📐 The Big Picture
Foundation models continue their relentless march forward. New frontier model releases, capability improvements, and a growing ecosystem of tools are pushing the state of the art. AI-assisted development is becoming the new normal. From automated code generation to debugging assistants, the tools transforming how software gets built keep getting better. Taking models from notebook to production remains the industry’s central challenge. Practical patterns for inference, serving, and operationalizing AI at scale continue to evolve. Today’s 12 picks across 4 categories span language models, AI coding, model deployment · curated for the practical builder.
ArXiv MLRESEARCH
PROBLEMCoding agents powered by LLMs routinely fail on real-world repositories because they lack tacit operational knowledge: which files encapsulate which subsystems, the correct test commands, and the idioms that prevent common mistakes. Manually maintained AGENTS.md files aim to fill this gap, but their utility is inconsistent and maintenance is effortful.
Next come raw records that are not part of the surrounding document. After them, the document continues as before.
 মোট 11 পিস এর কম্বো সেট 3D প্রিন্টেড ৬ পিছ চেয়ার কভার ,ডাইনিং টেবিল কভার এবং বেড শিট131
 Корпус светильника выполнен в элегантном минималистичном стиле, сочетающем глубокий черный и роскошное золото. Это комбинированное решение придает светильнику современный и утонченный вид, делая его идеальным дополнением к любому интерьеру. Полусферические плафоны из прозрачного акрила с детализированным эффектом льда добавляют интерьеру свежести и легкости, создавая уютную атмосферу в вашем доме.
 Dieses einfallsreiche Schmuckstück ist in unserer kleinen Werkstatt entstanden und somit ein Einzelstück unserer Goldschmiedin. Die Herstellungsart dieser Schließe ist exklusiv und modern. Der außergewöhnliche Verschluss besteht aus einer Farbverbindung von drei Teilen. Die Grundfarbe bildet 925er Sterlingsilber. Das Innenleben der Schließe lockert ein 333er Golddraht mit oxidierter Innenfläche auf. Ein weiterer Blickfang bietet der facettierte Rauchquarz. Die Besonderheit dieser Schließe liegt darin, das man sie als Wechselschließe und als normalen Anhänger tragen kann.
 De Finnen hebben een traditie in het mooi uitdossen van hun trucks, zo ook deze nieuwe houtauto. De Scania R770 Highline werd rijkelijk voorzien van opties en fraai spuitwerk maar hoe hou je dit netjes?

APPROACHProbe-and-Refine Tuning automates generation of effective repository guides. The method first probes an agent on a curated set of tasks (e.g., historical bug fixes), collects trajectories of failures—such as modifying the wrong file, running incorrect tests, or misunderstanding module boundaries. It then refines a concise textual guide (similar to an AGENTS.md file) by prompting an LLM to synthesize corrective instructions from those mistakes, iterating until task success rate plateaus. The guide is kept lightweight, focusing on high-impact heuristics rather than exhaustive documentation.
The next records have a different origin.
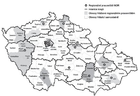 Obrázek 1. Regionální organizace center při pořizování dat do NOR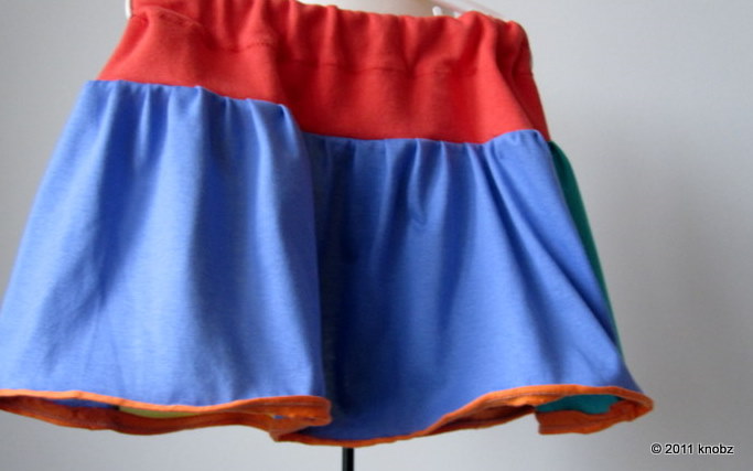 Bei P steht in nächster Zeit ein Schulfest an – mit Aufführung von P’s Klasse. Damit alle die gleichen Kostüme bekommen haben wir (4 Mütter) an einem Tag 11 Röcke und 17 Hosen genäht. Das war eine lustige Aktion im Schrebergarten mit Nähen im Akkord – gut dass ich meine mittlerweile heissgeliebte Overlockmaschine dabei hatte.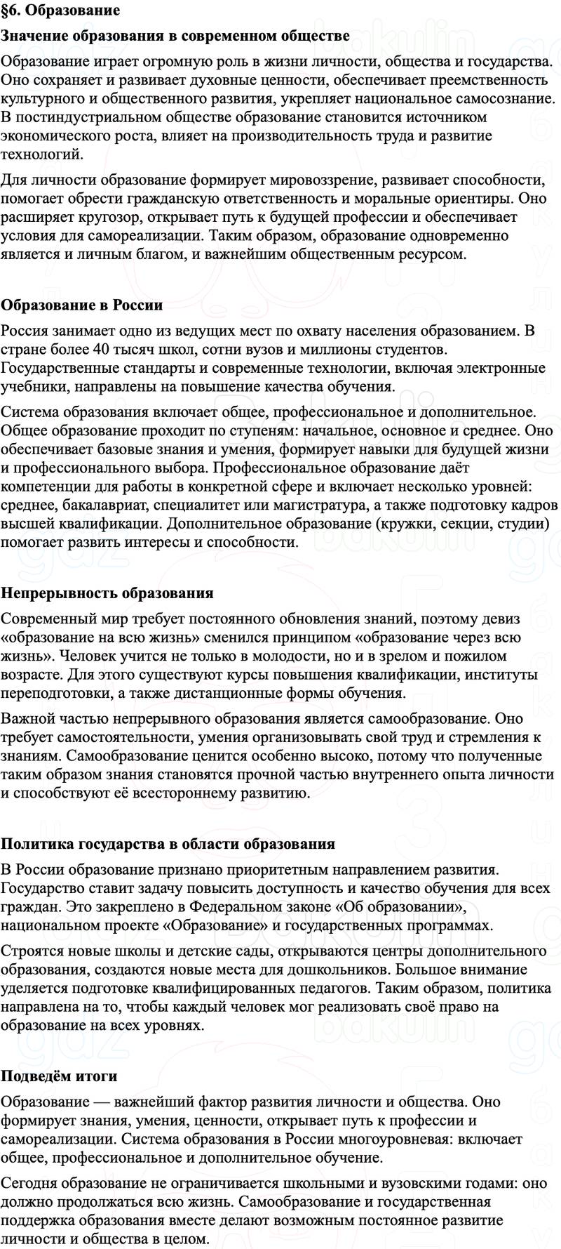 Краткое содержание пересказ Параграф 6. Образование

KEY RESULTSIn experiments across 50 open-source Python repos and over 200 historical issues, agents using the probe-refined guide solved 44% more issues correctly compared to no guidance, narrowing the gap with human-written AGENTS.md files to within 6% while fully automating maintenance. The tuned guides also reduced average agent token consumption by 19% by eliminating irrelevant context exploration.
BUILDERS TAKEAWAYAdopt an operational feedback loop: capture failure logs from your agent on representative tasks, then programmatically update your repository guidance to target those specific error modes. Treat your AGENTS.md as a tunable prompt, not static documentation; a small set of high-signal heuristics (e.g., “always run lint before commit”, “UI logic lives in src/ui/”) often beats a long, generic guide.
LIMITATIONSThe tuning process can overfit to the probe task suite and may degrade on novel issues or after significant repo refactoring, requiring periodic re-tuning.
🔬 RESEARCH
LLMs deployed as agents often miss critical evidence buried in long tool traces or multimodal inputs, leading to brittle task failures. ContextRL addresses this by using RL to directly optimize for evidence identification, improving task completion rates where standard supervised fine-tuning fails.
FID scores are notoriously unstable across different training runs and even sampling seeds, yet papers routinely compare single-point estimates as if they're definitive. This paper quantifies that lottery effect, showing that rank-ordering models by FID can flip with trivial seed changes, undermining the entire evaluation protocol.
Multicalibration guarantees that a model's predictions are unbiased across any specified subgroup, preventing systematic over- or under-estimation that can lead to discriminatory outcomes. This paper provides optimal deterministic algorithms, making it feasible to enforce this property in production models without probabilistic sampling.
Coding agents fail on real-world repos because they lack tacit operational knowledge—like which files to modify for a given feature or how to invoke tests—that isn't in the code. Probe-and-Refine Tuning automatically discovers and encodes this knowledge into a lightweight guide, reducing the manual effort of writing repository-specific documentation for LLM agents.